That hot Honduran love for Manuel Zelaya seems to have faded. The deposed president tried to generate a border protest that would sweep him back into power, but the current Honduran government kept the border clear instead. Reuters reports that instead of drawing tens of thousands to the Nicaraguan border, Zelaya barely got ten tens:
Disheartened supporters of deposed Honduran President Manuel Zelaya trickled home from the Nicaraguan border on Sunday, weakening protests backing his bid to return to power after a coup last month.
Honduran troops manning checkpoints have prevented several thousand demonstrators from staging a show of support at the border for the leftist leader, now exiled in Nicaragua.
Six miles from the border, 100 weary protesters milled around the coffee town of El Paraiso, a far cry from the massive outpouring of public backing Zelaya had called for. …
A couple hundred Hondurans who managed to reach the border were camped out in Nicaragua with Zelaya, holed up in the town of Ocotal on Sunday planning his next move.

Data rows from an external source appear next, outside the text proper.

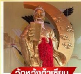
วัตต์ห้วงต้าเซี่ยน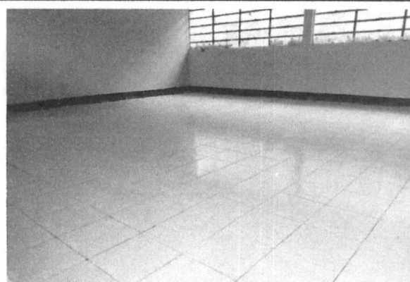
Foto 2: Área finalizada donde se realizó el mejoramiento de piso e instalación de tipo cerámico.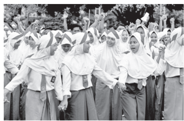
TOLAK RADIKALISME: Para pelajar di Jawa Barat menolak radikalisme dan hoaks.

Cilacap Budi Santosa mengatakan jika penerapan lima hari sekolah, secara kurikulum tidak akan menambah jam belajar siswa. Karena jam belajar siswa selama satu minggu masih tetap sebanyak 40 jam. Hanya saja biasanya dilaksanakan dalam enam hari sekolah, kini menjadi lima hari sekolah. Penerapan lima hari sekolah juga dilaksanakan kepada sekolah yang sudah siap. (ale/bbs/tur)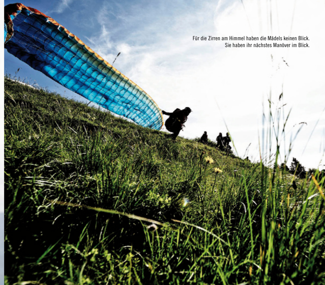
Für die Zirren am Himmel haben die Mädels keinen Blick. Sie haben ihr nächstes Manöver im Blick.

Vor dem eigentlichen Start steht aber erstmal wieder ein Aufwärmtraining an. Anschließend geht dann alles sehr schnell. Sämtliche Pilotinnen sind hoch motiviert. Die am Vortag geübten Manöver werden nur so runtergespult. Jede gibt ihr Bestes. Die beiden Punkterichter, zwei angereiste Airwave-Testpiloten, staunen, was man in zwei Tagen alles trainieren kann.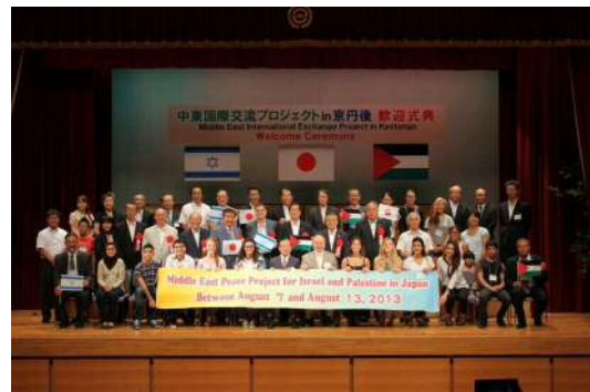
中東国際交流プロジェクト 前回(京丹後市開催)の歓迎式典の様子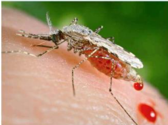
La enfermedad es transmitida por la picadura del mosquito “Anopheles”.

De acuerdo con la Secretaría de Salud Jalisco, el paludismo es una “enfermedad parasitaria, producida por cuatro especies de protozoarios del género ‘Plasmodium’, que se transmiten al ser humano por la picadura de mosquitos hembra infectados del género ‘Anopheles’”.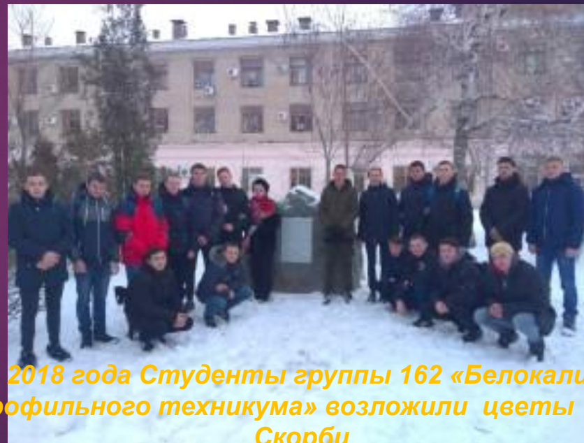
19 января 2018 года Студенты группы 162 «Белокалитвинского многопрофильного техникума» возложили цветы к «Камню Скорби»

This looks like a combination of better security by Honduras and a sense that Zelaya has overplayed his hand in exile. At first, Zelaya sounded contrite and promised to return under an agreement that would have seriously constrained him, making him look like the reasonable party in the affair. It didn’t take long before Zelaya began dropping hints that he’d like to return at the head of a Venezuelan or Nicaraguan column to seize power, which couldn’t have endeared Zelaya to mainstream Hondurans that would prefer not to have a foreign army invade their country.
That sense of overplaying the hand appears to have damaged Zelaya among his allies in the Obama administration, too. When Zelaya did the Hokey Pokey across the border for the benefit of journalists last week, Hillary Clinton slammed Zelaya for being “reckless”. He retorted by instructing Clinton to confront the Honduran government “with force,” a not-so-subtle suggestion that Zelaya would be just as happy to ride at the head of a US Army column to get to Tegulcigalpa.
All of these stunts and ultimatums have done more to strip the mask from Zelaya and reveal him as a dictator-in-gestation, and show that Honduras had the right idea when they arrested him, even if the execution of the idea was debatable. Small wonder that Zelaya didn’t get adoring crowds this weekend; the adoration has dwindled down to the core Chavistas.